Professeure d’économie à l’université de Nouvelle-Galles-du-Sud à Sydney (Australie) et chroniqueuse du « Monde », Pauline Grosjean conceptualise, dans un livre paru au Seuil, le « patriarcapitalisme », ou comment la structure de domination, la culture et l’identité de genre interagissent avec le système économique pour faire obstacle à l’égalité femmes-hommes.

Les années 1980 furent le témoin de progrès économiques fulgurants pour les femmes. Que s’est-il passé depuis ?

A la fin des années 1980, les femmes sont en moyenne plus éduquées que les hommes dans les pays occidentaux, n’interrompent plus ou très peu leur carrière pour s’occuper de leur famille, et accèdent à des professions, notamment la médecine ou la magistrature, qui auparavant étaient réservées aux hommes. Mais l’explosion des inégalités de revenus depuis s’est marquée par un creusement des inégalités économiques entre les femmes et les hommes.
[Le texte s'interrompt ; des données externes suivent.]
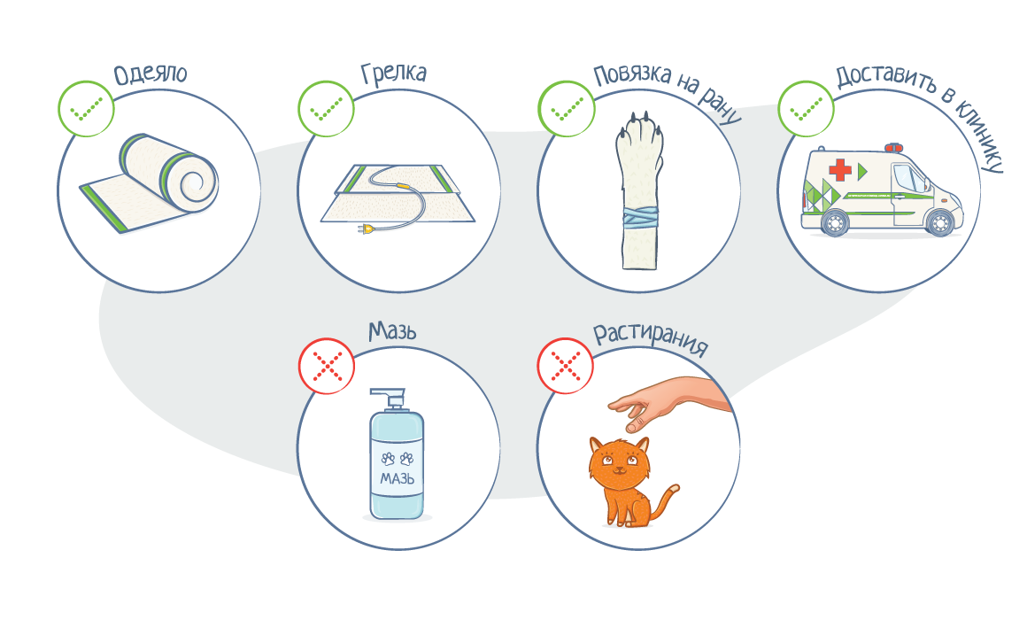 - Животное нужно укрыть теплым одеялом (пледом) или надеть на него одежду, поместить в теплое помещение, обложить грелками или бутылками с горячей водой (через одеяло, чтобы не было ожога кожи).

Cet écart s’explique par les différences systématiques en termes de choix de métier et d’industrie, différences dictées par des injonctions à satisfaire des identités de genre, et par des considérations sociales de qualités naturelles supposées féminines ou masculines : c’est ce que j’appelle le patriarcapitalisme.

L’Australie, où je réside depuis 2011, est un cas particulièrement intéressant en raison d’une expérience historique particulière qui a laissé des traces indélébiles sur les normes de genre. Le pays a longtemps été caractérisé par un déséquilibre démographique très important, avec un surcroît du nombre d’hommes par rapport aux femmes, aussi bien en raison de son statut de colonie pénale que d’une immigration volontaire majoritairement masculine. Cette expérience historique permet de mieux comprendre la formation des normes sociétales de genre, leurs impacts économiques et leur persistance à long terme.

La robotisation a-t-elle rendu la conciliation entre vie professionnelle et privée plus aisée ?

Contrairement aux attentes, non : on travaille encore plus, notamment dans les postes à responsabilité. On parle alors de « opt-out revolution » : certaines femmes, mères et très diplômées, se rendent compte que leur travail est incompatible avec la maternité. Dans le milieu académique, si une femme a du succès, son statut nullipare va être mis en avant. On dira : « Elle est prof à Harvard, mais elle n’a pas d’enfants. » On n’aura jamais la même remarque pour un homme.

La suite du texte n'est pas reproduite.